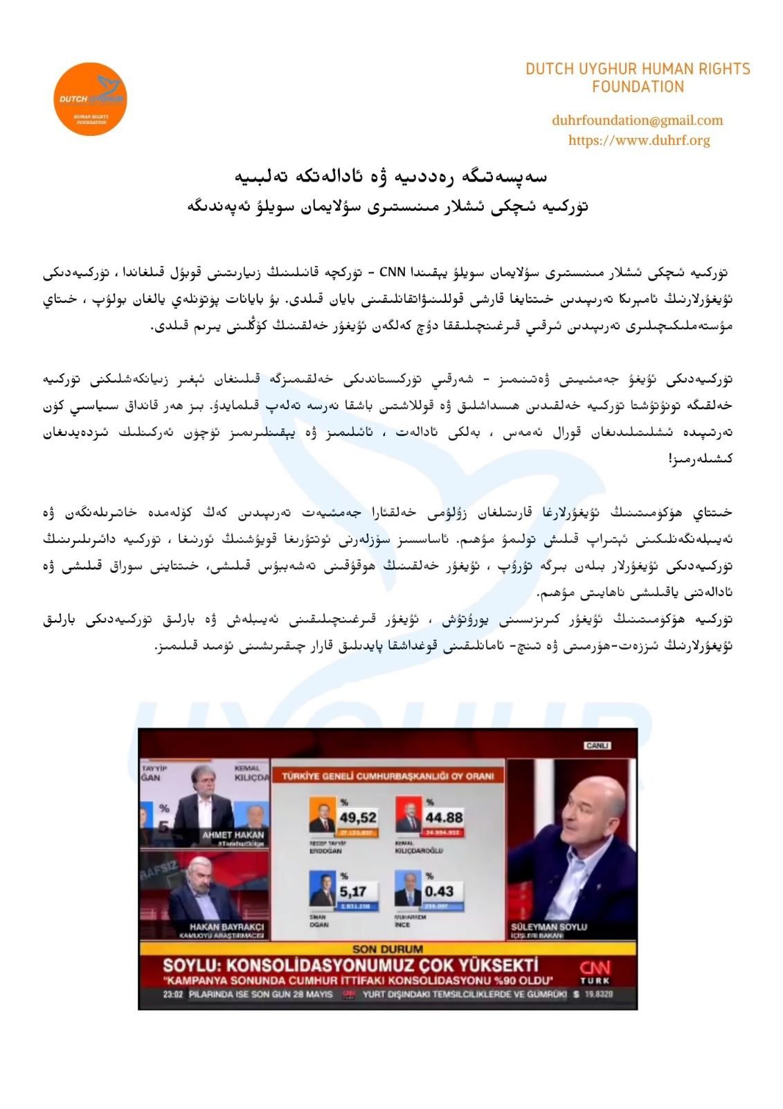 ئۇيغۇر ئامېرىكا جەمئىيىتى تۈركىيەنىڭ ئىچكى ئىشلار مىنىستىرى سۇلايمان سويلۇنىڭ 22-ماي CNN Türkiye نىڭ زىيارىتىنى قوبۇل قىلغاندا،خەلقىمىز دۇچ كېلىۋاتقان دەھشەتلىك...
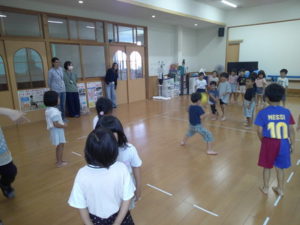 保護者の方も一緒に、しっぽ取りゲームやドッチボールなどルールのある遊びをしました。
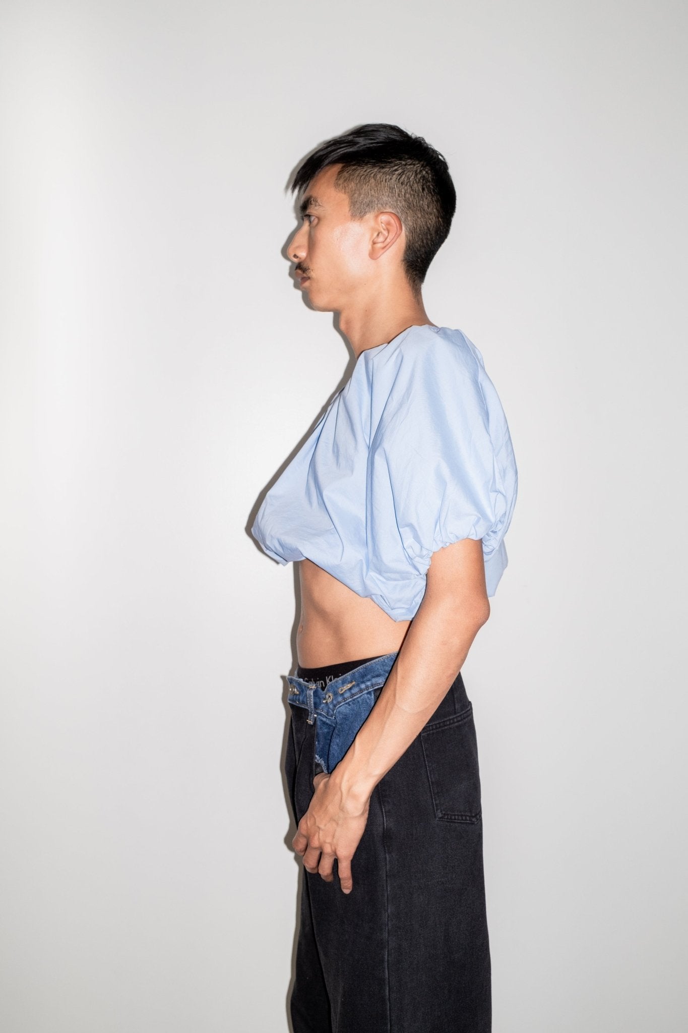 Cropped v-neck bubble top. Made with 100% Cotton.
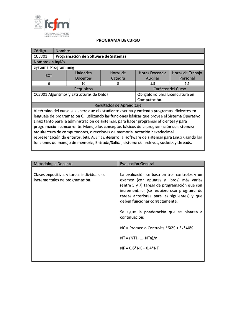 | Descripción | Nota de tareas: 60% de la nota final NT= promedio de 8 tareas Nota de controles: 40 % de la nota final NC = 0.4 * control + 0.6 * examen Por reglamento nadie se exime del examen (se requieren 2 controles) Para aprobar el curso se necesita que NC>=4 y NT>=4 Las tareas se entregan por medio de U-cursos, deben pasar los tests de prueba en la distribución Debian 10 de Linux, en 32 y 64 bits, y cumplir con las restricciones indicadas en el enunciado, de lo contrario la tarea será rechazada. Debian bajo WSL 1 no sirve porque no permite correr programas en 32 bits. Sí sirve Debian bajo WSL 2. No se elimina ninguna tarea y no habrá tarea recuperativa. Recursos: Apuntes del curso y controles de semestres anteriores. |
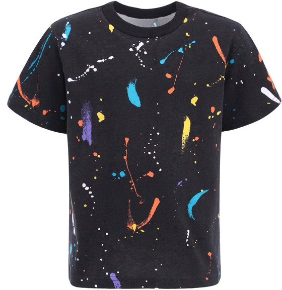 Футболка для мальчика выполнена из кулира — легкого хлопкового плотна. Изделие прямого силуэта и свободного кроя, с короткими рукавами со спущенной линией плеча, вырез горловины обработан эластичной бейкой из полотна компаньона. Футболка украшена яркой набивкой.
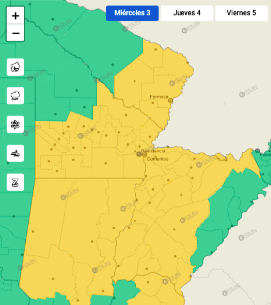 Alerta nivel AMARILLO por TORMENTAS LOCALMENTE FUERTES en vigencia para el norte de Santa Fe, noreste de Entre Ríos, centro, oeste, sur y norte de Corrientes, sur de Chaco y este de Formosa para lo que resta de este miércoles.
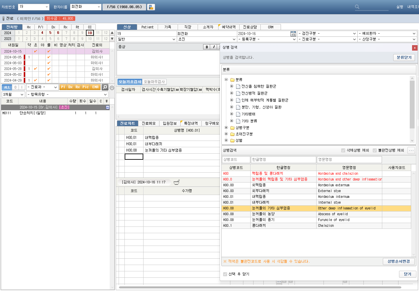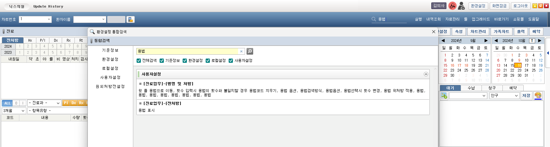 - 원무 - 상단 환경설정 통합 검색바 지원
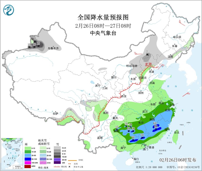 江西省发布暴雨黄色预警信号26日08时
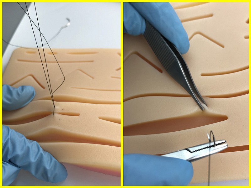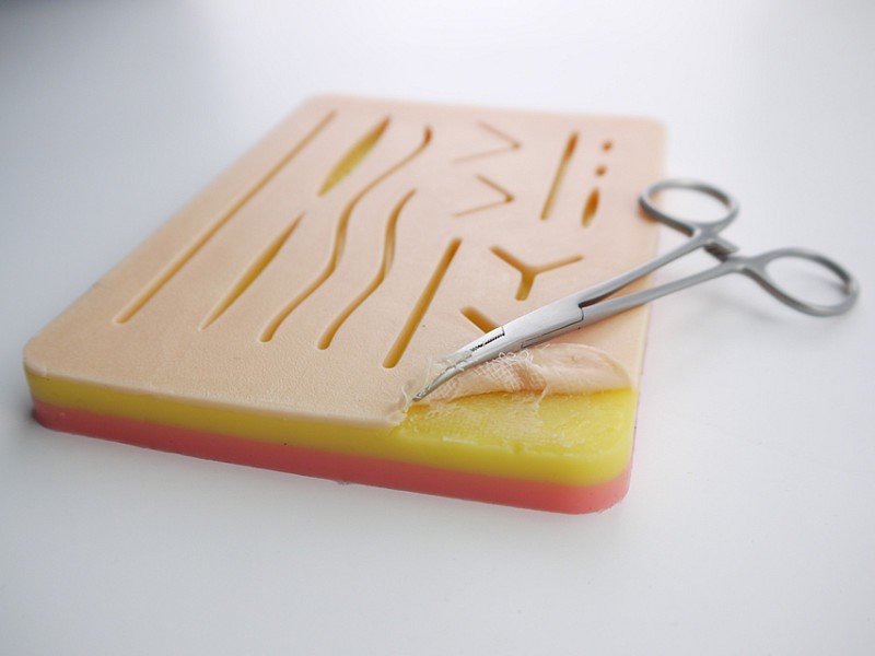 Silikonowa poduszka symulatora szwów, z 14 ranami.
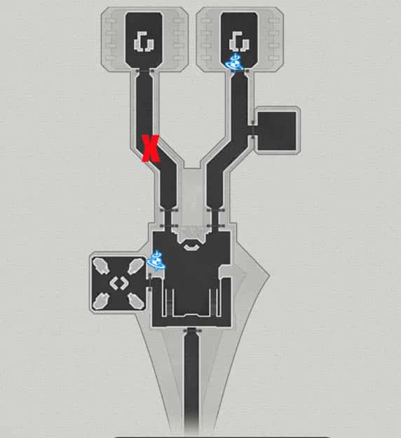 Dans les zones inférieures de la carte, à côté d’un puzzle nécessaire pour ouvrir une autre porte.

******

# EXERCISE
What should appear is an exact copy of the lines from the one containing "- 원무 - 상단 환경설정 통합 검색바 지원" through the last line of the records above, pictures excluded.

# SOLUTION FOR THIS EXERCISE
 - 원무 - 상단 환경설정 통합 검색바 지원
 江西省发布暴雨黄色预警信号26日08时
 Silikonowa poduszka symulatora szwów, z 14 ranami.
 Dans les zones inférieures de la carte, à côté d’un puzzle nécessaire pour ouvrir une autre porte.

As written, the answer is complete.